Spark SQL is a Spark module for structured data processing.
Dataset is a distributed collection of data. Dataset is a new interface added in Spark 1.6 that provides the benefits of RDDs (strong typing, ability to use powerful lambda functions) with the benefits of Spark SQL’s optimized execution engine.
DataFrame is a Dataset organized into named columns. It is conceptually equivalent to a table in a relational database or a data frame in R/Python
Advantages of using structured streaming: Structured Streaming is a scalable and fault-tolerant stream processing engine built on the Spark SQL engine. You can express your streaming computation the same way you would express a batch computation on static data.
The Spark SQL engine will take care of running it incrementally and continuously and updating the final result as streaming data continues to arrive.

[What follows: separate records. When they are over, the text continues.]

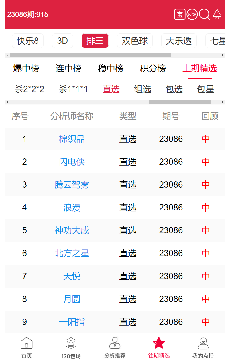 23087期:棉织品、闪电侠 等9位老师直选击中大奖!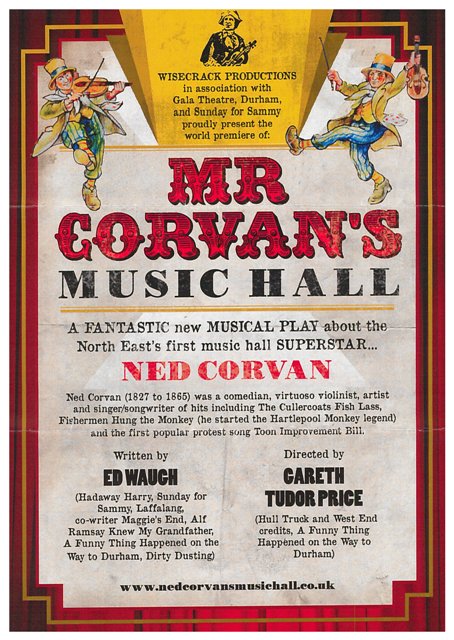North East scriptwriter Ed Waugh will be talking about the history and background to his new play Mr Corvan's Music Hall at the Central Library Hartlepool. Find out about Ned Corvan's life and career - how he wrote the first ever Monkey Legend song - and his links to Billy Purvis!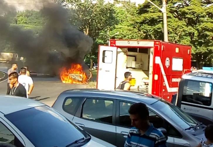 Um carro pegou fogo na Avenida Eugênia Biancalana Duarte, no Jardim Primavera, em Sumaré (SP), por volta das 16h30 deste sábado.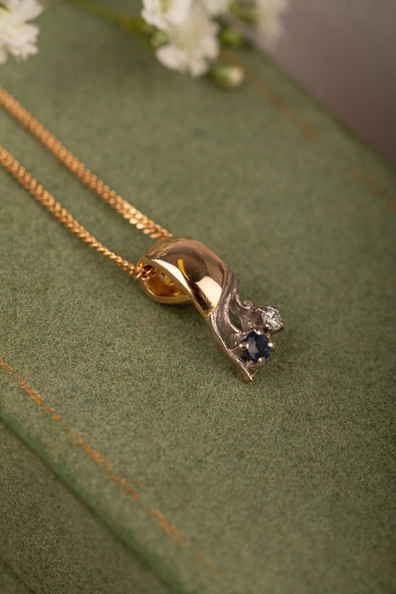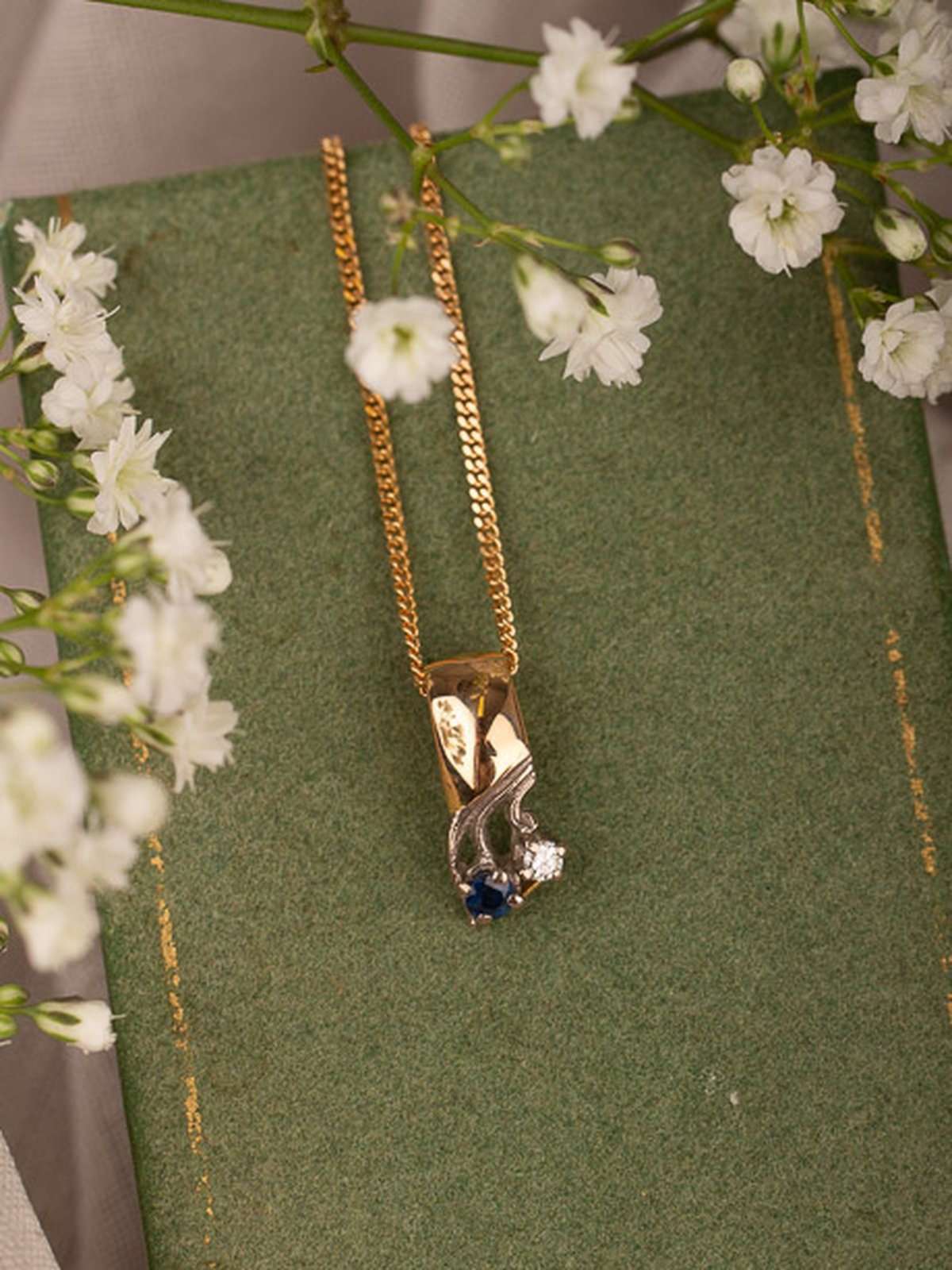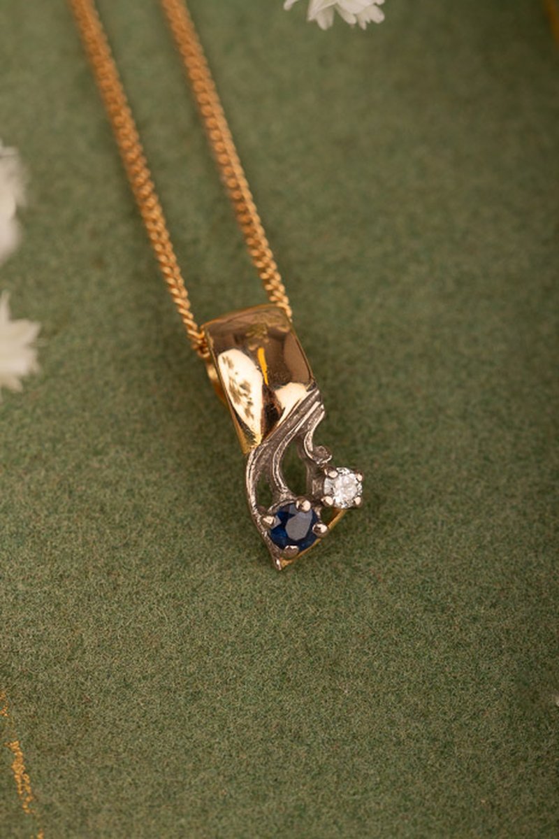 Gulligt hängsmycke i guld med två vitguldsinfattade ädelstenar. Kedjan ingår ej

You can use the Dataset/DataFrame API in Scala, Python, and R.
Spark SQL lets Spark programmers leverage the benefits of relational processing (e.g., declarative queries and optimized storage), and lets SQL users call complex analytics libraries in Spark (e.g., machine learning).
Key Differentiator:
The primary difference between the computation models of Spark SQL and Spark Core is the relational framework for ingesting, querying and persisting (semi)structured data using relational queries (structured queries) that can be expressed in SQL (like features of HiveQL) and the high-level SQL-like functional declarative Dataset API (aka Structured Query DSL).
Example in Python:
Steps 1 > Read JSON file 2 >Print Structure 3>Use Dataframe to display contents
from pyspark.sql import SQLContext
sqlContext = SQLContext(sc)
# Create the DataFrame
df = sqlContext.read.json("examples/src/resources/reference.json")
# Show the content of the DataFrame
df.show()
## age name
## null Judy
## 30 Andy
## 19 Mindy
# Print the schema in a tree format
df.printSchema()
## root
## |-- age: long (nullable = true)
## |-- name: string (nullable = true)
# Select only the "name" column
df.select("name").show()
## name
## Judy
## Andy
## Mindy
# Select everybody, but increment the age by 1
df.select(df['name'], df['age'] + 1).show()
## name (age + 1)
## Judy null
## Andy 31
## Mindy 20
# Select people older than 21
df.filter(df['age'] > 21).show()
## age name
## 30 Andy
# Count people by age
df.groupBy("age").count().show()
## age count
## null 1
## 19 1
## 30 1